Also adds --heuristics flag to benchmarks/accuracy.py for testing strategies without code changes, and updates config.py to support float-valued heuristic parameters.

  • Add multi-hop, arithmetic, and ranking benchmark questions (eb47680)

Add 12 harder questions requiring multi-step reasoning: multi-hop lookups, percentage calculations, inverse filtering, ranking beyond top-1, cross-section joins, and reading elided annotation values.

  • Add per-tool heuristic overrides and harder benchmark questions (880e371)

  • tool_heuristics config allows per-tool heuristic overrides that merge
    on top of base server heuristics

  • fix string value parsing in CONDENSER_HEURISTICS env var (previously
    coerced non-bool strings to True)

  • add 12 harder cross-reference/comparison/aggregation benchmark questions

  • Expand benchmark suite with multi-model matrix and new fixtures (cda4274)

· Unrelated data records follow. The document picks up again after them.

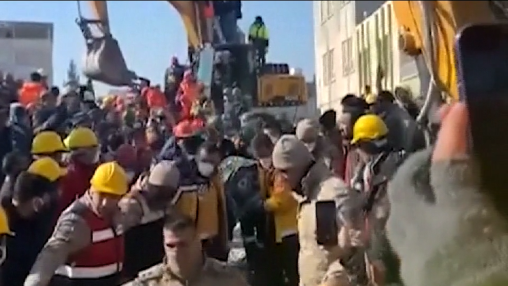 I soccorritori, nella città turca di Adiyaman, hanno recuperato viva una donna che era sotto le macerie da 128 ore dopo il disastroso terremoto che ha colpito il Paese. Emine Murat è stata portata via dai soccorritori su una barella, mentre altri soccorritori continuavano le ricerche.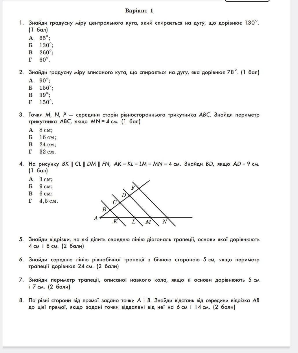 МК||ВС ; МК=ВС:2=4:2=2 см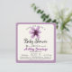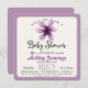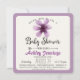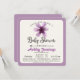 Cuidada, colorida, moderna y neutra invitación a la ducha de bebé con morado violeta, flor de acuarela de lavanda; diseño floral y fuentes negras sobre fondo blanco roto. Invitación retro para un niño o una ducha de bebé chica. Gran año para duchas de primavera, verano, otoño o invierno.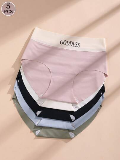 5 piezas de Panties de triángulo de seda de hielo transpirable sin costura y cintura alta - Multicolor - Añade 10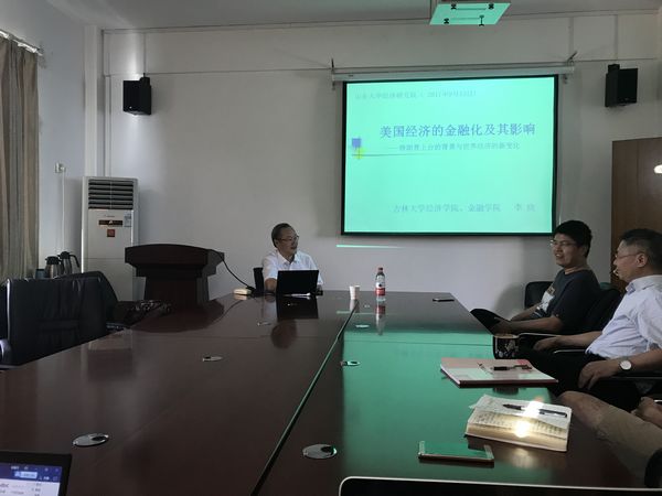 2017年9月13日上午8时30分,吉林大学经济学院、金融学院院长李晓教授在邵逸夫科学馆401教室与我院师生分享了题为“美国经济的金融化及其影响——特朗普上台的背景与世界经济的新变化”的主题报告。WilliamHill威廉希尔黄少安院长主持了报告会。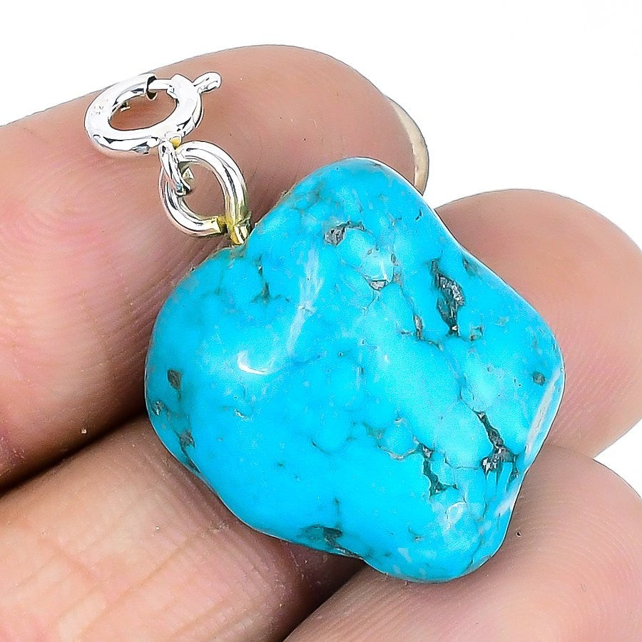 Tibetan Turquoise Stone Unique Throat Chakra Sister Pendant 925 Sterling Silver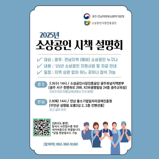설명회 참석을 원하는 소상공인은 2월 4일까지 사전접수(네이버폼 QR코드(form.naver.com/response/TfZGULI7QD8bnK9gaBGiNg))하거나 당일 현장접수를 통해서 참석이 가능하며 자세한 내용은 광주전남중기청 홈페이지(https://www.mss.go.kr/site/gwangju)를 통해 확인 할 수 있다.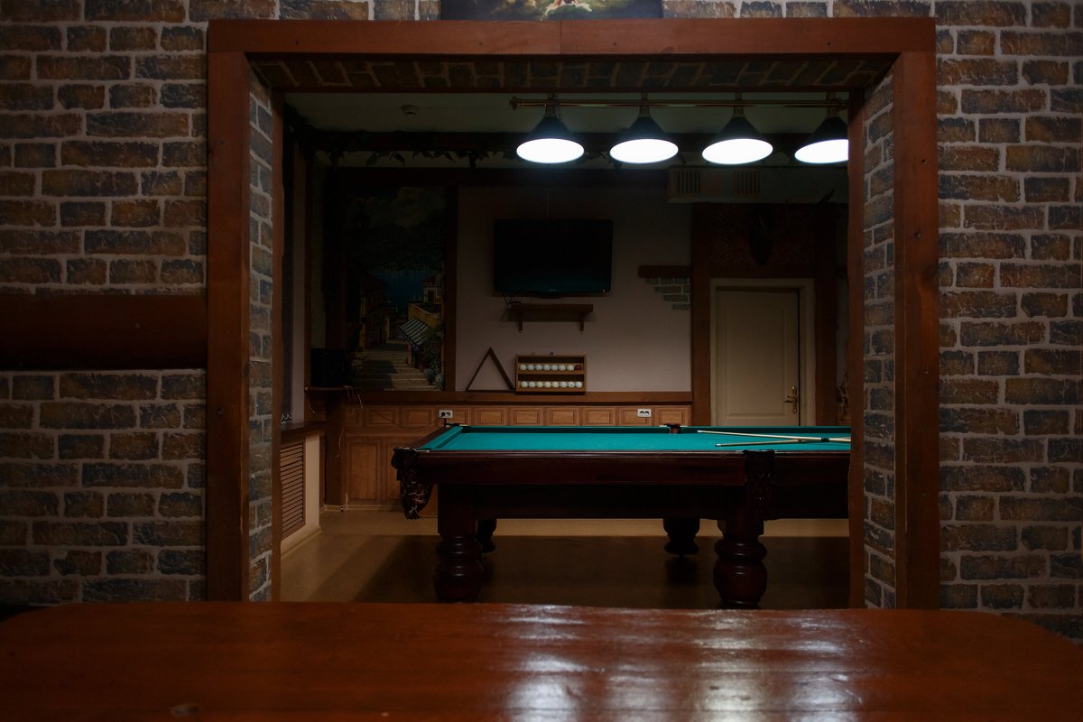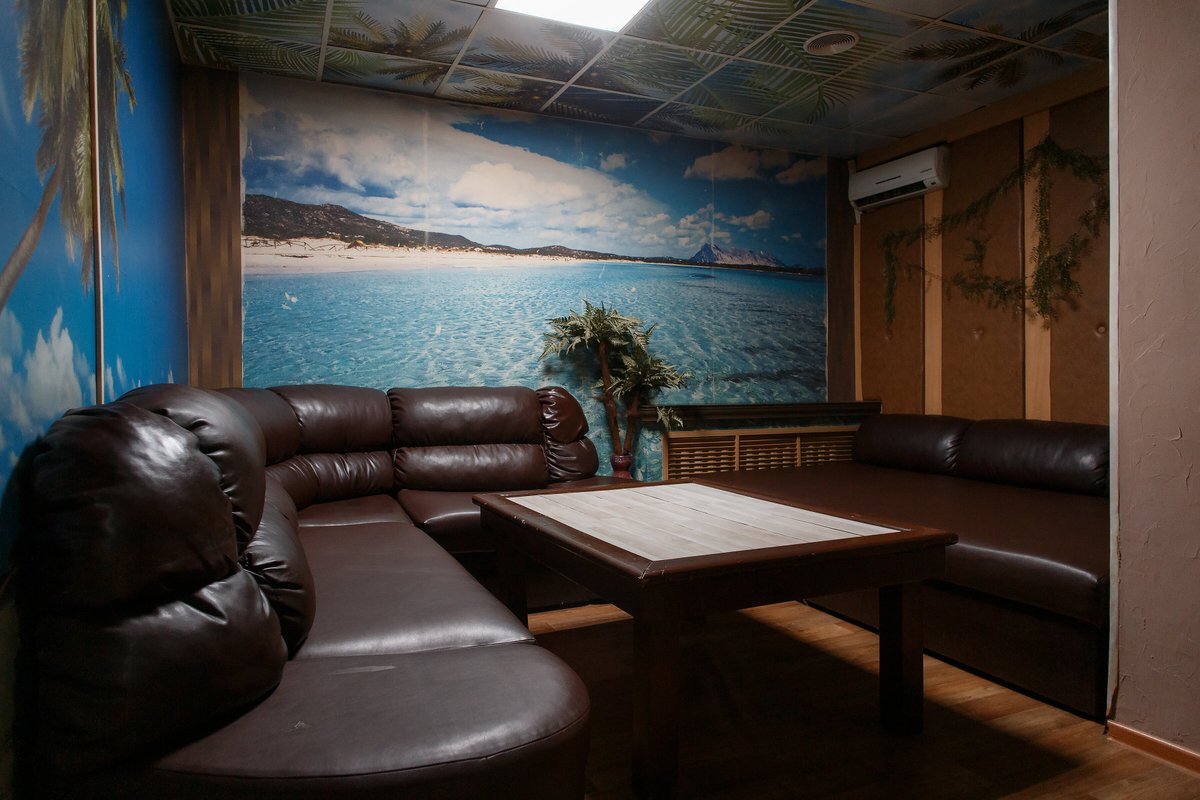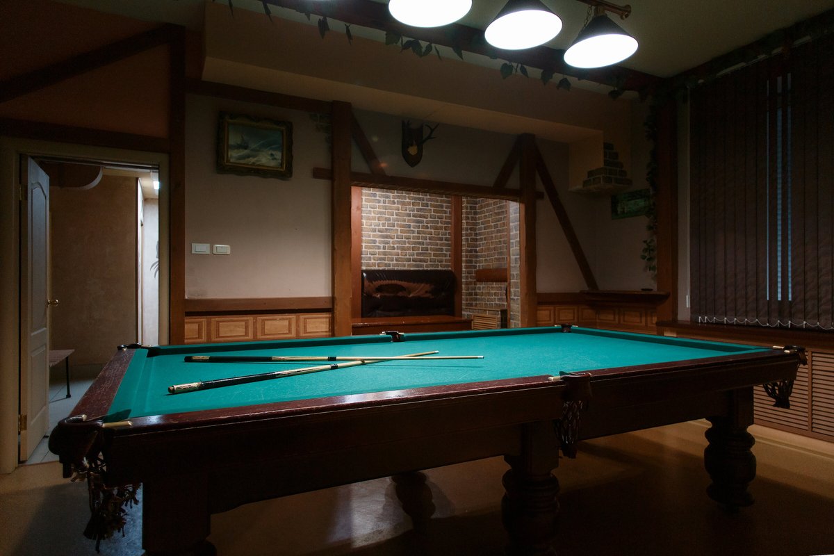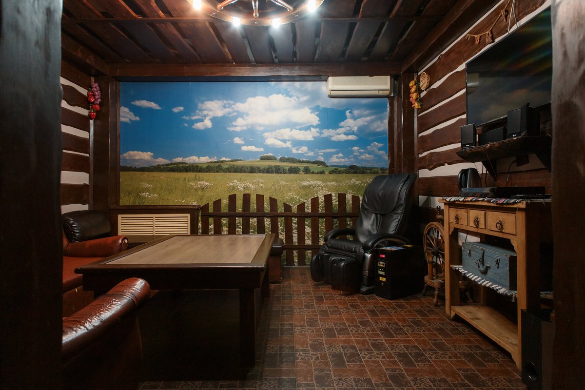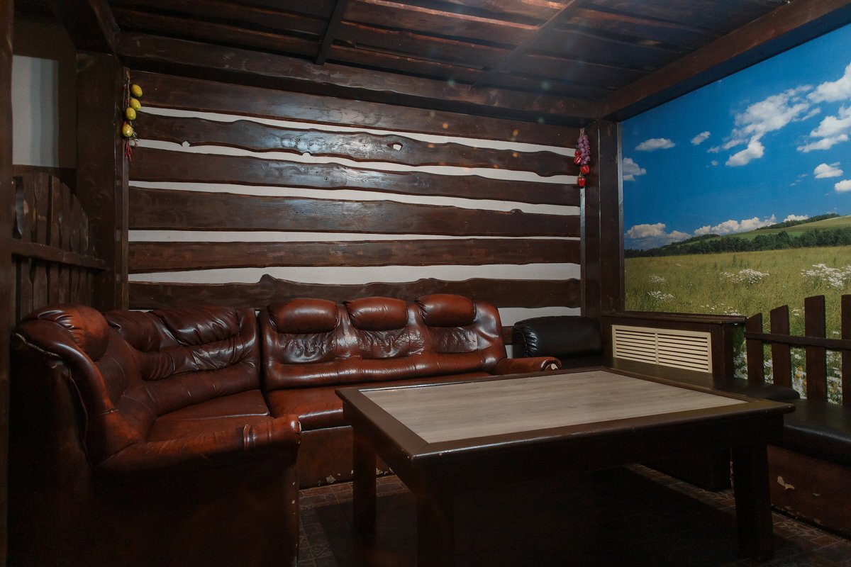 Не хочется в бассейн? Не проблема! Вместо этого можно провести время в нашей комнате отдыха. Мы постарались создать здесь комфортный, стильный интерьер из максимально натуральных, экологичных материалов, выбрать мебель, которая будет одновременно удобной и приятной глазу. Надеемся, что вам понравится! Для создания настроения у нас есть бильярд и караоке. Также у нас работает бар, где вы можете заказать блюда русской кухни, а если нужно, прийти и со своей едой - мы не против! Только не забывайте, что плотная трапеза непосредственно перед посещением парной - это не самая хорошая идея, согласно мнению врачей. А вот после парной она совсем не повредит!

Add multi-model accuracy benchmark infrastructure: - benchmarks/fixtures.py: shared questions (90 across 5 fixtures), match functions, and fixture metadata extracted from accuracy.py - benchmarks/matrix.py: multi-model orchestrator with resume support, incremental saves, and markdown report generation - benchmarks/accuracy.py: refactored to import from fixtures.py, added per-question error handling and 600s timeout

Add synthetic test fixtures: - tests/fixtures/aws_ec2_instances.json: 20 EC2 instances (33K tokens, 87% reduction) with deterministic generator script - tests/fixtures/db_query_results.json: 150 SQL order rows (26K tokens, 57% reduction) with deterministic generator script

Benchmark results across 5 models (qwen3:1.7b/4b, llama3.1:8b, qwen3:14b/30b) show TOON matches or beats JSON accuracy on Kubernetes fixtures (100% TOON on both K8s fixtures for all models 4b+) while achieving 57-87% token reduction.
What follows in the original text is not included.